Apps :: other PDF viewer



Quote (glori @ Feb. 09 2007,09:19)
ahh fine, I think I tried to import a pdf with OpenOffice but I did't get it. So I will try again.
thanks....

One more idea if Open Office doesn't import PDFs. You can use one of the online pdf:___ conversion methods (the programs it would likely take to do it on your own computer pretty much defeat the pupose of DSL). Adobe has an online conversion page. They also have email addresses to handle conversion; you send PDFs and get back TXT or HTML:
pdf2txt@adobe.com
pdf2html@adobe.com

This one describes how to use your Gmail account to convert PDF to other formats you can work with including DOC and HTML (as well as OO/XML formats). Basically, you'll just send yourself the PDFs and then convert them in view and then save them in whichever format you prefer.

Here's the Gmail help page with more information.

Hope that helps.

scite.uci can export as pdf - handy for a quick conversion.
If you are still interested in another pdf-viewer, I have created an acroread.unc. It's Adobe Acrobat Reader version 4, so it's not the latest and greatest. It works beautifully though, and it is much better than xpdf (in my opinion at least). Being version 4, it is not that large an app either, making it perfect for older machines. The reader cannot be an official extension because of the licensing, so I have put it on my private web space. You can try it if you want. It works well for me. The link is: http://home.no.net/mosvold/Ext/acroread.unc

-r

I downloaded the xpdf viewer Robert spoke of, the unc one.

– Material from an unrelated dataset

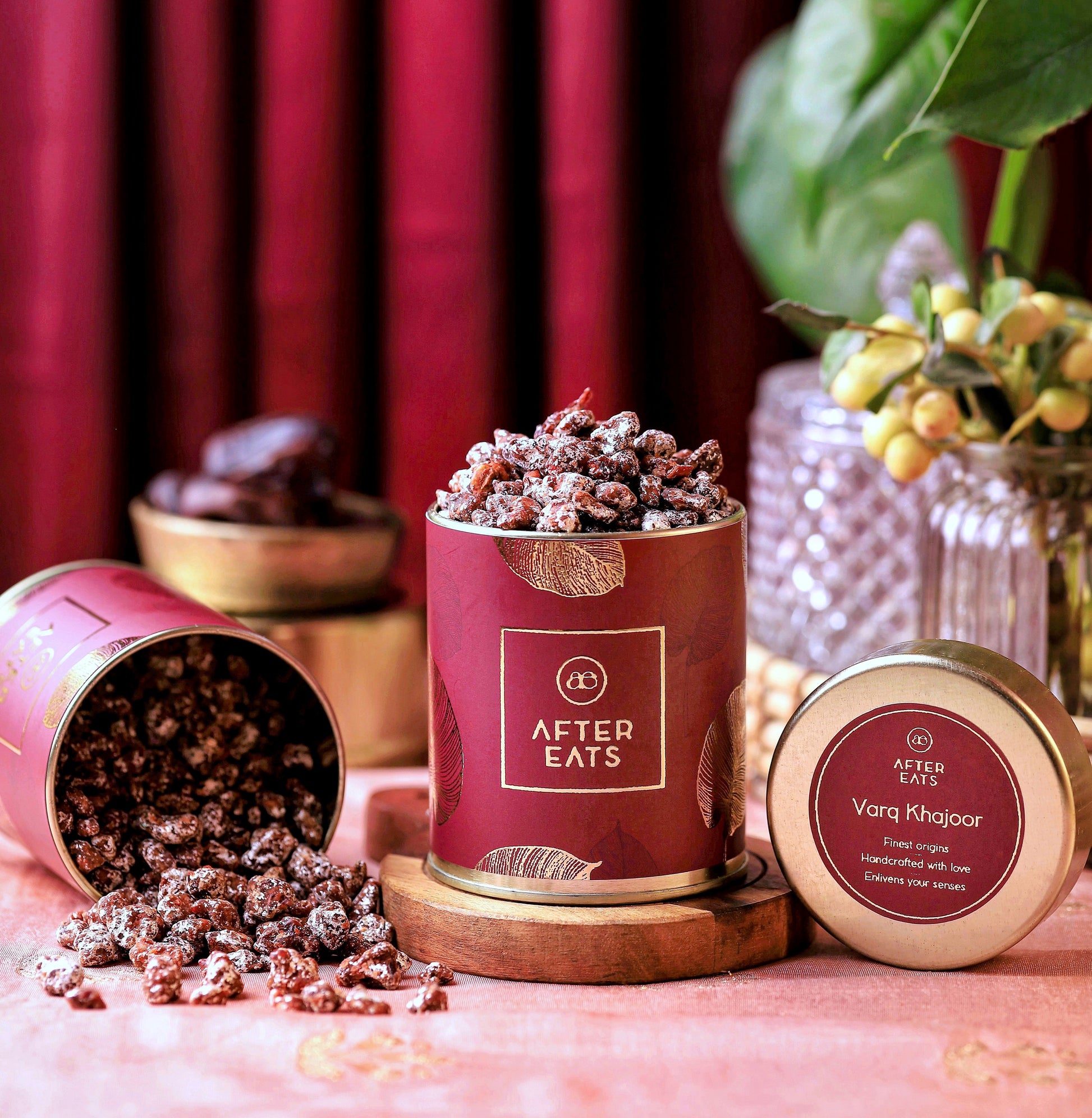 Prepare to embark on a journey of pure elegance and sensory delight with After Eats' Varq Khajoor, a sugar-free mouth freshener that combines the allure of Arabian dry dates with a touch of opulence. This exquisite creation unveils a tantalising experience, where the sweetness of succulent dates dances in harmony with the shimmering embrace of real silver leaves, creating a symphony of flavour and sophistication.

But it does not show up on the desktop.

There is an xpdf, but I think it's the older one that comes with DSL 3.2?

The xpdf.unc requires live cdrom or frugal with the default unionfs.
It overlays the exising xpdf. So clicking the existing desktop icon or menu item calls the newer more capable xpdf.

If you have a traditional hard install, you would need to unpack the downloaded xpdf.unc.